My research explores how machines can participate in creative practices with deep cultural roots. During my PhD, the primary subject of my research is Chinese calligraphy. I approach it on three layers. The first layer concerns the surface of a finished work. Here, I study visual representations and quantitative measures grounded in domain knowledge so that the methods remain explainable. The second layer focuses on the process behind the work, the actions and gestures that shape it during the writing. The third layer turns to the practice itself, asking whether and how a machine can participate as a collaborator. Some of these projects I lead independently; on others, I collaborate with researchers in music, accessibility, and cultural heritage.

Computing the Aesthetics

Can a machine quantify the visual features of a work?

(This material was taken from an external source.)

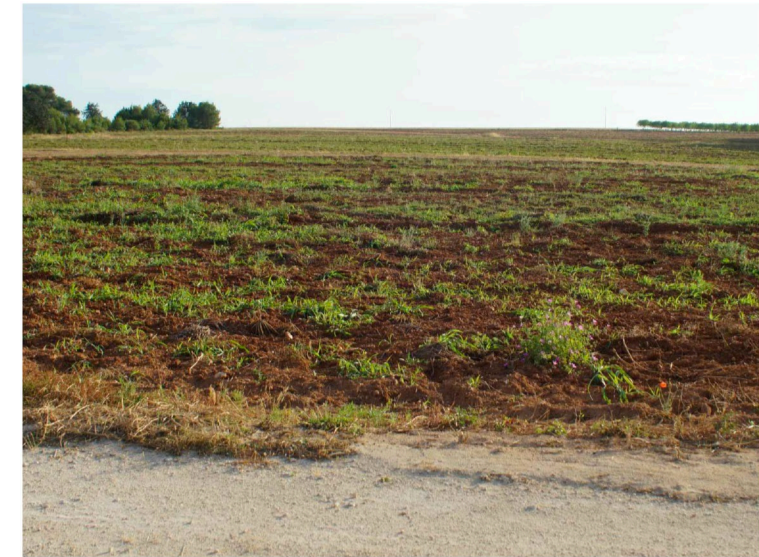
Sito: Bosco Vista 2

A calligraphy work carries visual structure. Strokes, layout, white space, balance. The structure is rich, yet hard to measure. I study how a machine can quantify it and connect the measurements to the way people respond to the work. One approach extracts stroke and layout features and links them to viewer personality through regression and attribution. Another approach builds a graph over the composition and prompts a language model to render the spatial structure as commentary. A third approach measures structural and statistical features of seal carving to evaluate its aesthetic qualities.

Sensing the Process

Can a machine sense the small moves a body makes while writing?

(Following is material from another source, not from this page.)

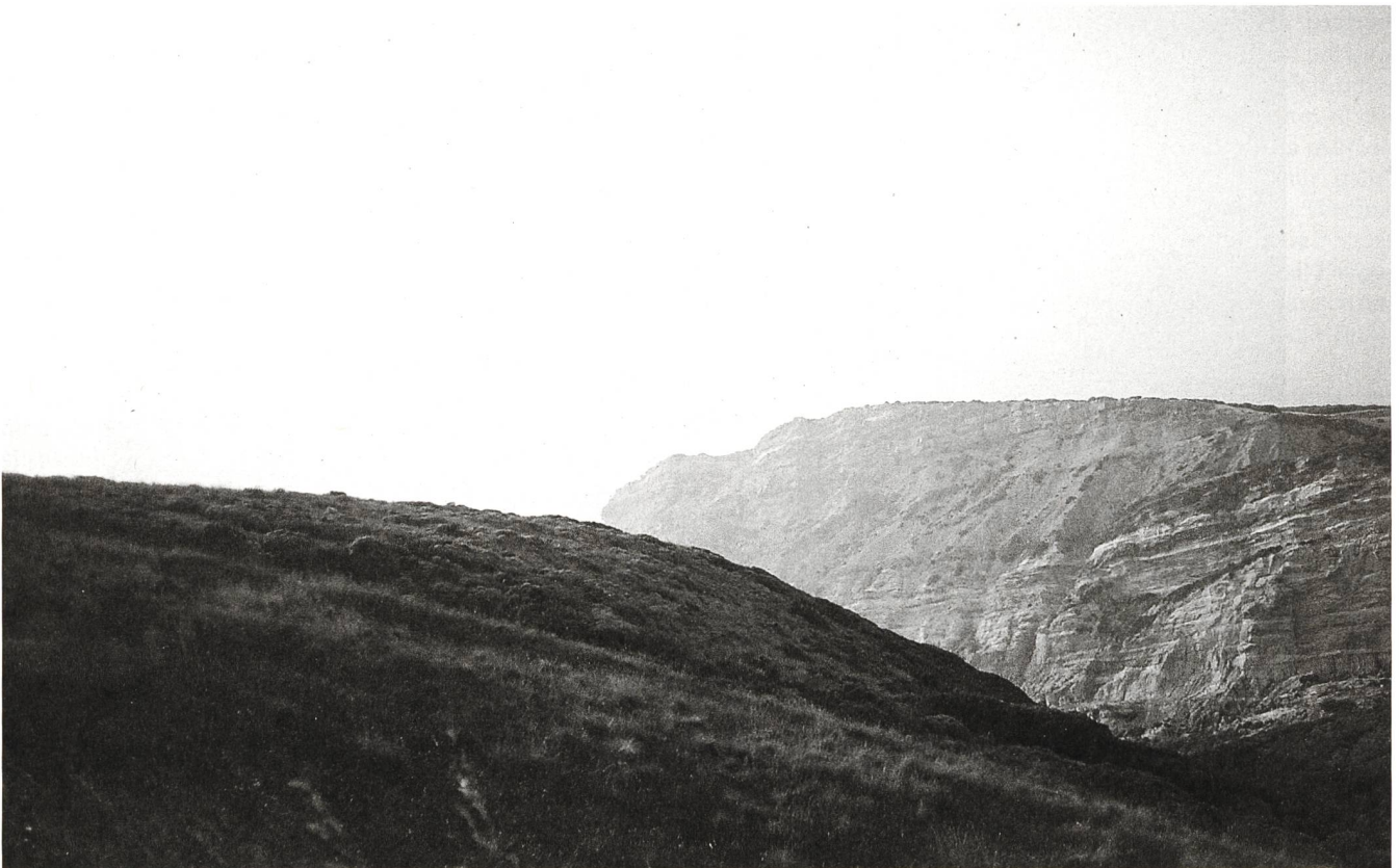
Portogallo, 2006

A calligraphy work is only an end product. The body actions that shaped it never reach the page. The press of the brush. The pause before a stroke. The tilt of the wrist. I study how a machine can sense these actions and bring them into view. One approach is a perceptual lens that returns the actions to the writer as cross-modal cues. Another approach is an interactive system that gathers actions across many bodies and writes them into a shared archive.

Joining the Practice

Can a machine join a creative practice as a partner rather than a tool?

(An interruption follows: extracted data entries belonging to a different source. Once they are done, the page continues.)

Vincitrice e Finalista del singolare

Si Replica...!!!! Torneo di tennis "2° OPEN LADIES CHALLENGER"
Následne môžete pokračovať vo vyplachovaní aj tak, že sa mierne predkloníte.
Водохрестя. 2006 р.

A creative practice carries identity. It carries gender, ability, cultural memory, and personal history. A machine can flatten these things or it can stand alongside them. I study how a machine can join such a practice as a partner rather than a tool, and what design choices keep the maker as the author. One approach analyzes emotion in classical Chinese poetry and generates expressive calligraphic strokes that respond to it. Another approach repurposes the everyday objects of Chinese women as digital musical instruments, then extends each performance into a 3D-printed tactile artifact through human-machine co-creation. A third approach co-designs a tangible beadwork interface with a blind, queer musician and maps tactile gestures to layered sound.

Adjacent Work

I also contribute to applied work in computational cultural heritage. With colleagues at HKUST Guangzhou, I helped build a deep learning system that identifies the edition, period, and region of premodern Chinese rare books from scanned pages. The same eye for visual structure that serves calligraphy serves other heritage materials.